Omit the pictures, then reproduce every remaining record exactly.

_ _ _

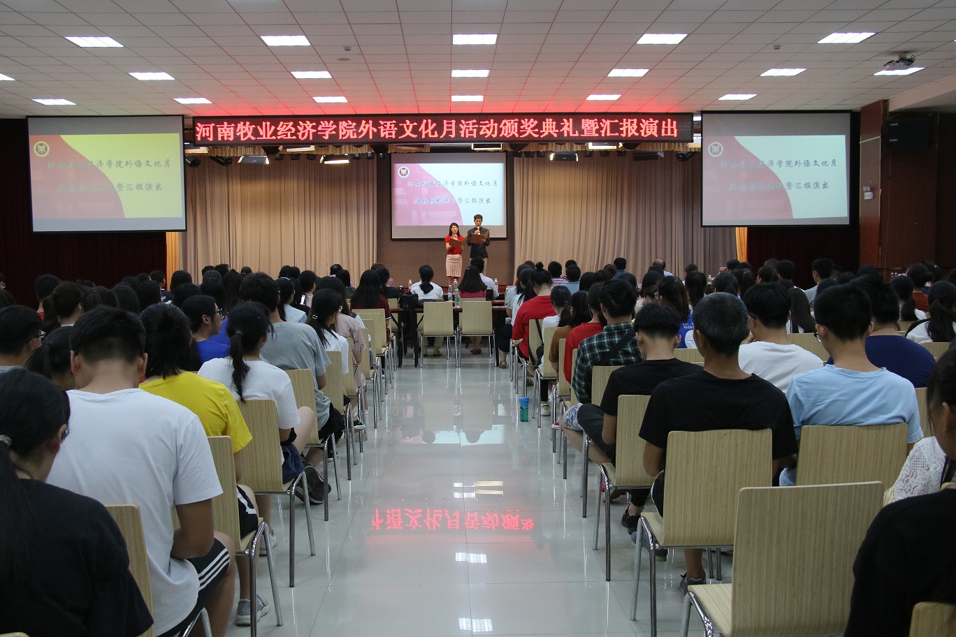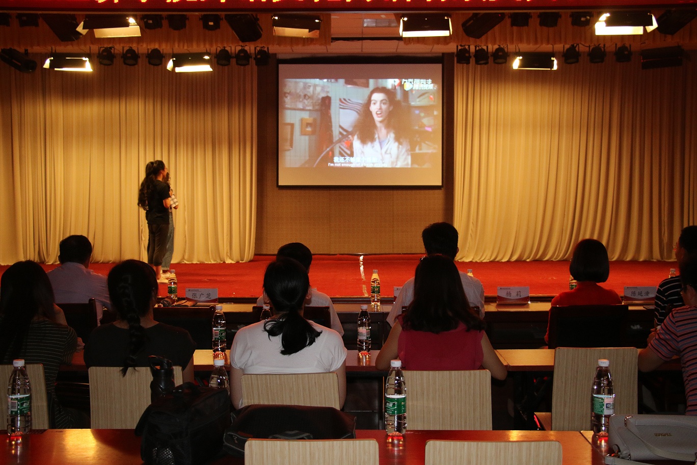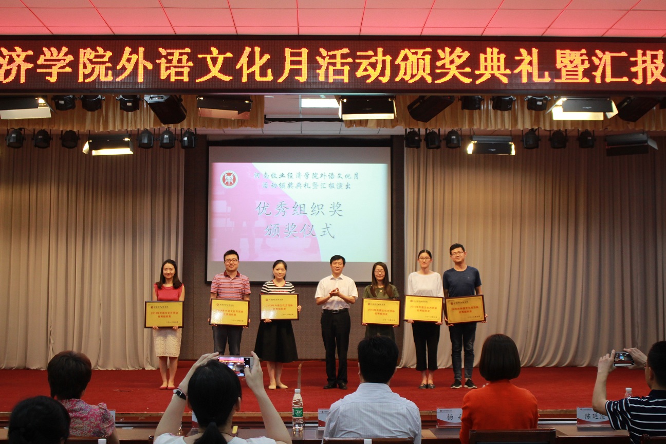 汇报演出在国际教育学院同学们带来的电影配音表演《天生一对》中拉开了帷幕,随后各项赛事的颁奖仪式与获奖选手的演出穿插进行。有经济贸易学院、工程管理学院选送的《公主日记》配音表演,物流与电商学院的选送《小王子》配音表演,制药工程学院选送的《疯狂动物城》配音表演,艺术学院选送的《冰雪奇缘》配音表演,还有荣获全国高等院校英语导游服务三等奖的外国语学院旅游英语专业学生王颖颖带来的英文导游讲解——紫禁城,为观众带来了一场英语技能和英语文化的盛宴,充分展现了新葡萄官网大学生的英语综合应用能力,赢得了嘉宾和观众的一致好评。副校长许圣道等嘉宾领导为荣获优秀组织奖、优秀指导教师奖及各项赛事一二三等奖的获奖集体和师生颁奖。
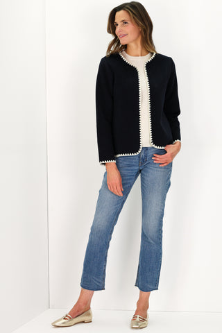 Lilac and Ivory Stripe Cotton Blaire Quarter Zip Sweater
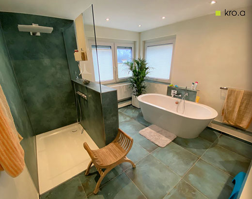 Bei dem Raum im OG des Wohnhauses handelte es sich um eine Wohnstube, die komplett entkernt und in ein modernes Familienbad umgebaut wurde.
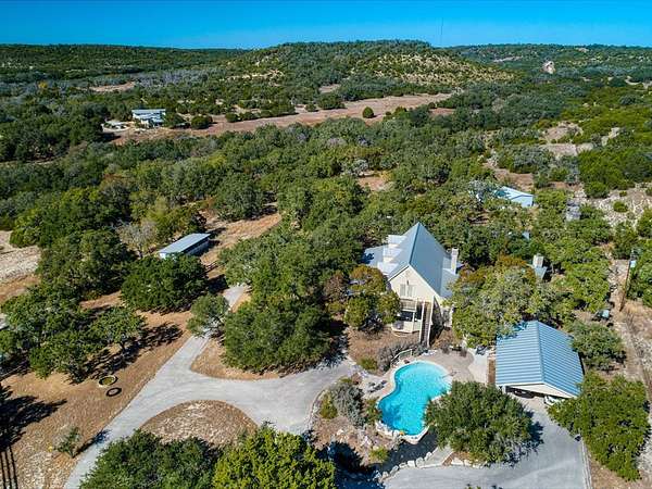 Est $8,386/moDiscover this 18 acre Texas Hill Country Haven with Timeless Charm. A separate Guest House with 535 sq ft is ideal for housing family and friends. This remote retreat also features a 51' x 24' 5-Car Barn with abundant room for vehicles and equipment, Horse Stalls. Unwind on the Covered Porch with sweeping Hill Country Views, Separate Outdoor Kitchen with Fireplace, Gas Grill. Sparkling Pool with Waterfall. Plantation Shutters throughout this inviting Hill Country Home with a Lovely Kitchen, Stone Backsplash, Island with Electric Cook Top. Come experience the quiet, the space, and the freedom for yourself!
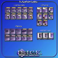 DAZ Studio Indoor Creation Kit SciFi Edition, or "DS.I.C.K.", was designed for the accurate, realistic and flexible creation of indoor SciFi DAZ Studio scenes. The components were modeled to seamlessly integrate with each other while giving the flexibility to create the SciFi scene YOU want. Modeled in exact scale with extreme accuracy in both models and textures DS.I.C.K. SciFi provides the "tools" needed to set up a realistic indoor SciFi scene within minutes. Whether you want a communications bridge, a corridor or a full space station or space ship interior DS.I.C.K. allows you to build the scene you have in mind rather than being stuck with preset sets.
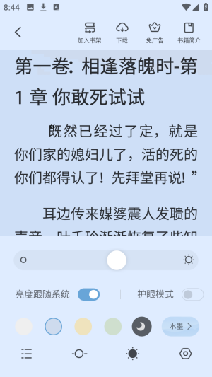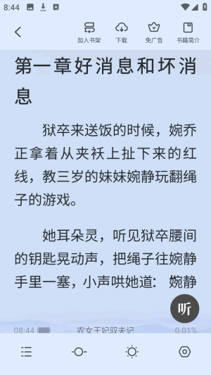 软件提供丰富的个性化阅读设置:支持自定义字体大小、亮度调节,具备护眼夜间模式;阅读疲惫时,可切换至听书模式继续享受内容。更支持一键下载全书到本地,方便离线随时阅读,功能全面且贴心。
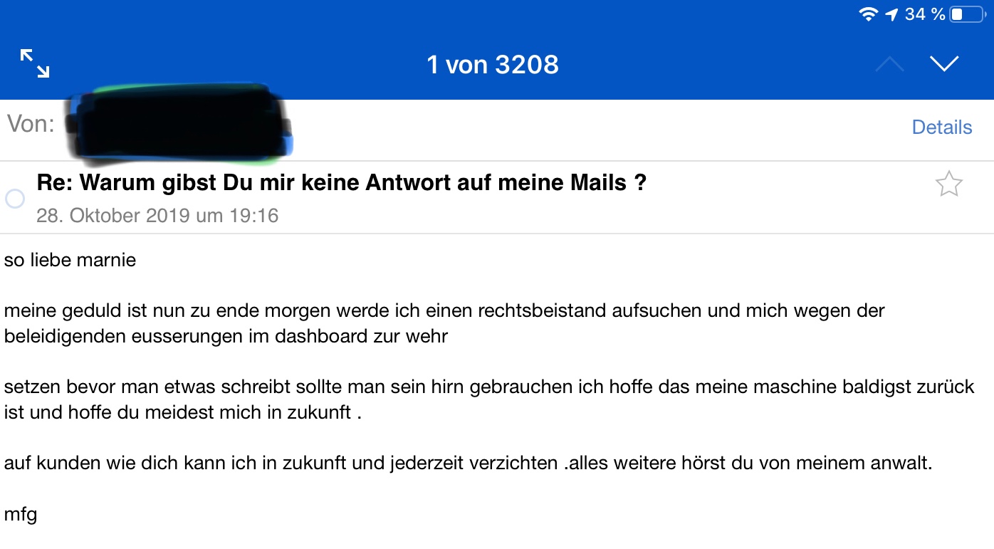 Leide4 habe ich bisher keinerlei Rückantwort auf meine Mails an ihn bekommen, da er aber auch als selbstständiger Reparateur und Gebrauchtmaschinenhändler arbeitet, gehe ich davon aus, dass ich irgendwie an mein Geld komme und die Maschine zurück senden kann.
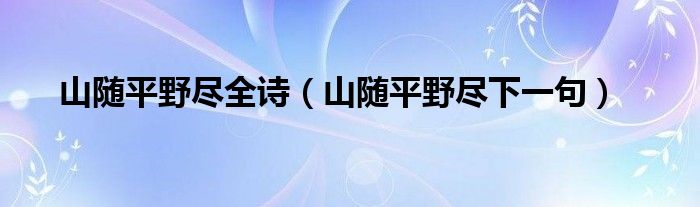 关于山随平野尽全诗,山随平野尽下一句这个很多人还不知道,今天菲菲来为大家解答以上的问题,现在让我们一起来看看吧!
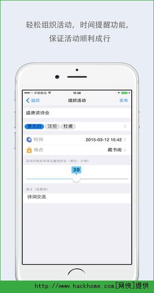3、如果几个朋友想聚聚怎么办?没关系,发布一个活动,然后邀请他们加入。活动快开始时系统进行提醒,开始共享位置,这时候,参加活动的朋友都能看到彼此的位置移动,谁谁到哪了都知道。如果你到了目的地,系统会自动告诉其他人,我已经到了,你们加紧点吧。
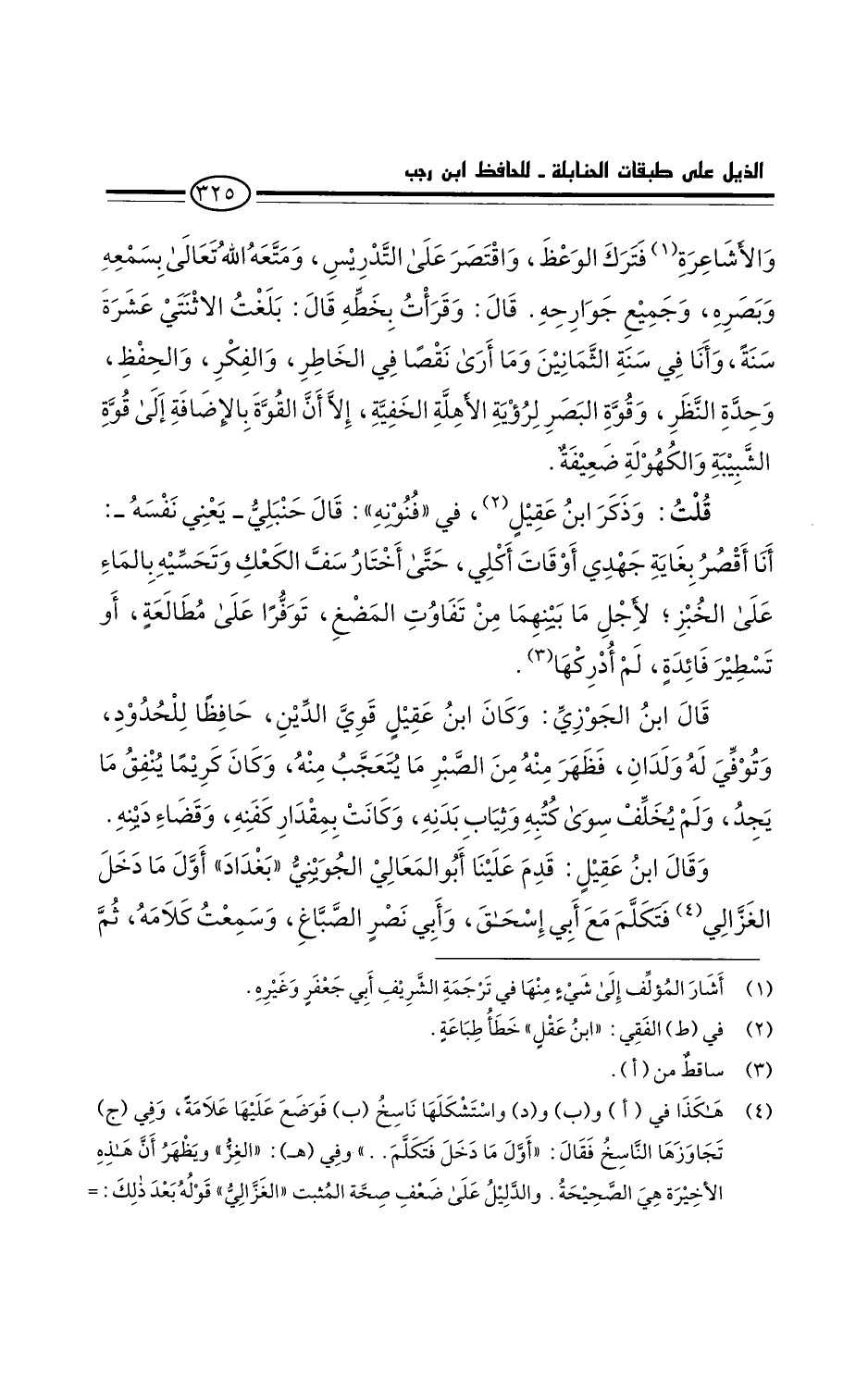 قلتُ: وذكر ابن عقل، في فنونه: قَالَ حنبلي - يعني نفسه -: أنا أقصرُ بغاية جهدي أوقات أكلي، حتى أختار سف الكعك وتحسيه بالماء على الخبزة لأجل ما بينهما من تفاوت المضغ، توفرا على مطالعة، أو تسطير فائدة، لم أدركها فيه.

_ _ _

▸ **The completed task**
 汇报演出在国际教育学院同学们带来的电影配音表演《天生一对》中拉开了帷幕,随后各项赛事的颁奖仪式与获奖选手的演出穿插进行。有经济贸易学院、工程管理学院选送的《公主日记》配音表演,物流与电商学院的选送《小王子》配音表演,制药工程学院选送的《疯狂动物城》配音表演,艺术学院选送的《冰雪奇缘》配音表演,还有荣获全国高等院校英语导游服务三等奖的外国语学院旅游英语专业学生王颖颖带来的英文导游讲解——紫禁城,为观众带来了一场英语技能和英语文化的盛宴,充分展现了新葡萄官网大学生的英语综合应用能力,赢得了嘉宾和观众的一致好评。副校长许圣道等嘉宾领导为荣获优秀组织奖、优秀指导教师奖及各项赛事一二三等奖的获奖集体和师生颁奖。
 Lilac and Ivory Stripe Cotton Blaire Quarter Zip Sweater
 Bei dem Raum im OG des Wohnhauses handelte es sich um eine Wohnstube, die komplett entkernt und in ein modernes Familienbad umgebaut wurde.
 Est $8,386/moDiscover this 18 acre Texas Hill Country Haven with Timeless Charm. A separate Guest House with 535 sq ft is ideal for housing family and friends. This remote retreat also features a 51' x 24' 5-Car Barn with abundant room for vehicles and equipment, Horse Stalls. Unwind on the Covered Porch with sweeping Hill Country Views, Separate Outdoor Kitchen with Fireplace, Gas Grill. Sparkling Pool with Waterfall. Plantation Shutters throughout this inviting Hill Country Home with a Lovely Kitchen, Stone Backsplash, Island with Electric Cook Top. Come experience the quiet, the space, and the freedom for yourself!
 DAZ Studio Indoor Creation Kit SciFi Edition, or "DS.I.C.K.", was designed for the accurate, realistic and flexible creation of indoor SciFi DAZ Studio scenes. The components were modeled to seamlessly integrate with each other while giving the flexibility to create the SciFi scene YOU want. Modeled in exact scale with extreme accuracy in both models and textures DS.I.C.K. SciFi provides the "tools" needed to set up a realistic indoor SciFi scene within minutes. Whether you want a communications bridge, a corridor or a full space station or space ship interior DS.I.C.K. allows you to build the scene you have in mind rather than being stuck with preset sets.
 软件提供丰富的个性化阅读设置:支持自定义字体大小、亮度调节,具备护眼夜间模式;阅读疲惫时,可切换至听书模式继续享受内容。更支持一键下载全书到本地,方便离线随时阅读,功能全面且贴心。
 Leide4 habe ich bisher keinerlei Rückantwort auf meine Mails an ihn bekommen, da er aber auch als selbstständiger Reparateur und Gebrauchtmaschinenhändler arbeitet, gehe ich davon aus, dass ich irgendwie an mein Geld komme und die Maschine zurück senden kann.
 关于山随平野尽全诗,山随平野尽下一句这个很多人还不知道,今天菲菲来为大家解答以上的问题,现在让我们一起来看看吧!
3、如果几个朋友想聚聚怎么办?没关系,发布一个活动,然后邀请他们加入。活动快开始时系统进行提醒,开始共享位置,这时候,参加活动的朋友都能看到彼此的位置移动,谁谁到哪了都知道。如果你到了目的地,系统会自动告诉其他人,我已经到了,你们加紧点吧。
 قلتُ: وذكر ابن عقل، في فنونه: قَالَ حنبلي - يعني نفسه -: أنا أقصرُ بغاية جهدي أوقات أكلي، حتى أختار سف الكعك وتحسيه بالماء على الخبزة لأجل ما بينهما من تفاوت المضغ، توفرا على مطالعة، أو تسطير فائدة، لم أدركها فيه.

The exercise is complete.